What needs to be done →
Leave out any pictures and transcribe all other data below exactly.

Raw data →

<<<<

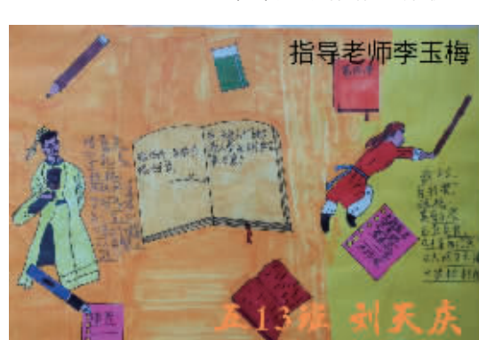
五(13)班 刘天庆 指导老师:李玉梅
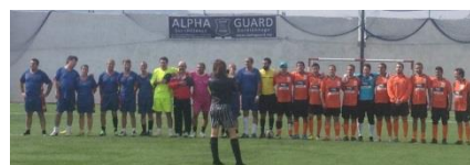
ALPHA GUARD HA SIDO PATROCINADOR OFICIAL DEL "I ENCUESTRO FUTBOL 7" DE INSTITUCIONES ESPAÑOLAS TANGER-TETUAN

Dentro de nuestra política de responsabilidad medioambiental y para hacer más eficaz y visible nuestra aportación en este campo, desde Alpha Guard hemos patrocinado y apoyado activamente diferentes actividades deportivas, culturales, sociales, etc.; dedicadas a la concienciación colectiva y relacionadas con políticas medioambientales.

>>>>

Reply to the task →
五(13)班 刘天庆 指导老师:李玉梅
ALPHA GUARD HA SIDO PATROCINADOR OFICIAL DEL "I ENCUESTRO FUTBOL 7" DE INSTITUCIONES ESPAÑOLAS TANGER-TETUAN

Dentro de nuestra política de responsabilidad medioambiental y para hacer más eficaz y visible nuestra aportación en este campo, desde Alpha Guard hemos patrocinado y apoyado activamente diferentes actividades deportivas, culturales, sociales, etc.; dedicadas a la concienciación colectiva y relacionadas con políticas medioambientales.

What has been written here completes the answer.